The image of the ‘information bomb’ offers a lurid premonition of the future—the dramatic tenor of Virilio’s work is far removed from the complacent drift of writers like Nicholas Negroponte, contemplating the bliss of Being Digital (1995). But though his description of the world appears deeply pessimistic, Virilio’s politics are not defeatist. He has always argued that resistance is possible, and personally sought to practice it. For all his idiosyncrasies, Virilio’s ideas have exerted an influence well beyond his own philosophical starting-point. For example, The Art of the Motor, a work he published in 1995, is an important reference in the recent writing of imaginative Marxists as different as Slavoj Žižek in The Plague of Fantasies (1997) and André Gorz in Reclaiming Work: Beyond the Wage-Based Society (1999).
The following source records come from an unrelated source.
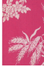
4003-04 LAMPAS CHENIER-ROUGE R.140
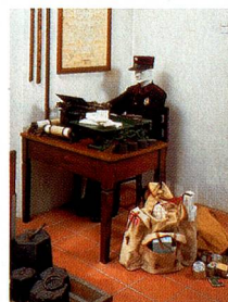
Customs Museum, Gandria
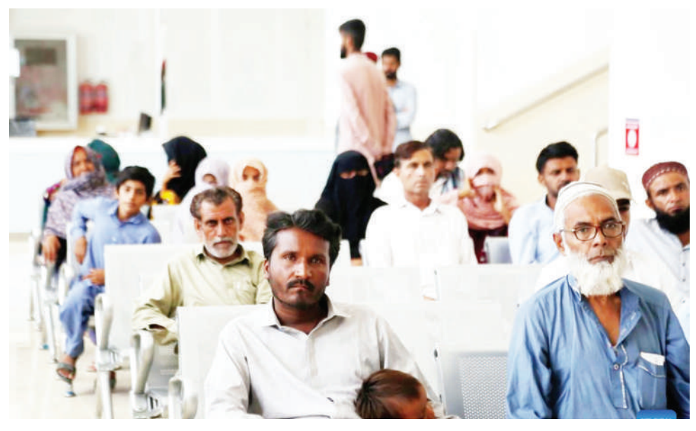
Patients wait for their turns at the Pak-China Friendship Hospital in the Gwadar district of Pakistan's southwestern Balochistan province on Sept. 16, 2024.
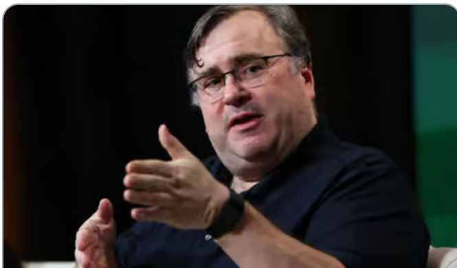
LinkedIn co-founder Reid Hoffman to step down from Microsoft's board
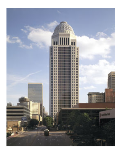
AEGON Center Louisville, KY
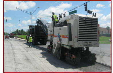
Milling machine excavating

Thank you for your cooperation as we make these improvements to the County infrastructure!
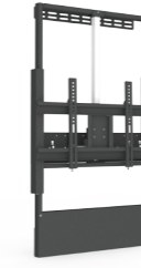
Motorised Wall Bracket
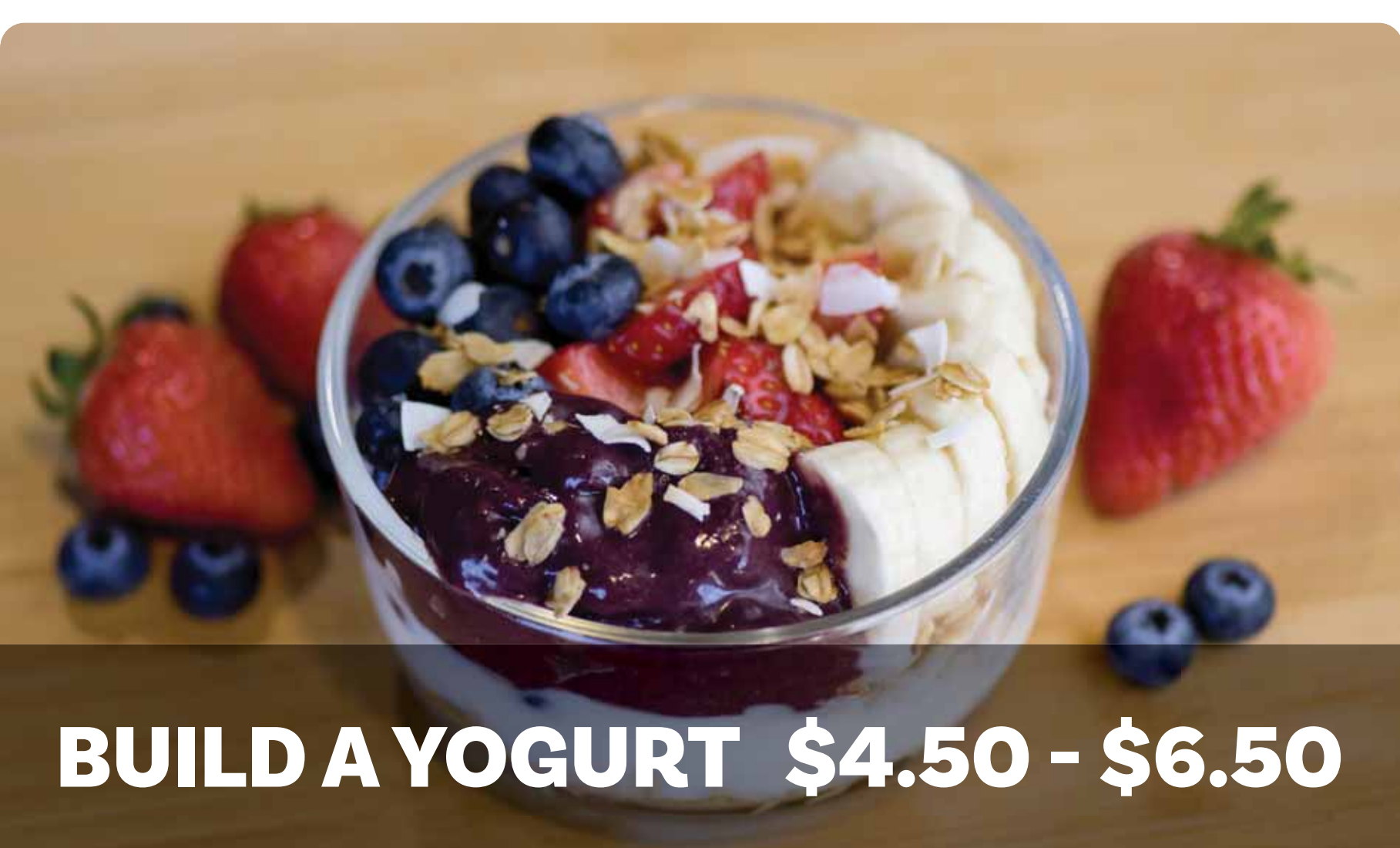
BUILD A YOGURT $4.50 - $6.50

His latest book is no less likely to become a source for other creative radicals, looking for a provisional path out of the quicksands of postmodernism, but also a way to the sympathies of ordinary citizens. Firing off political and techno-cultural neologisms at the speed of light, Virilio’s passionately argued texts do not always hit their intended targets. But for anyone seeking a critique of the cultural logic of late militarism that ranges from the Internet to endo-colonization, Virilio’s ‘hyper-modern’ theory of the information bomb is what they have been waiting for.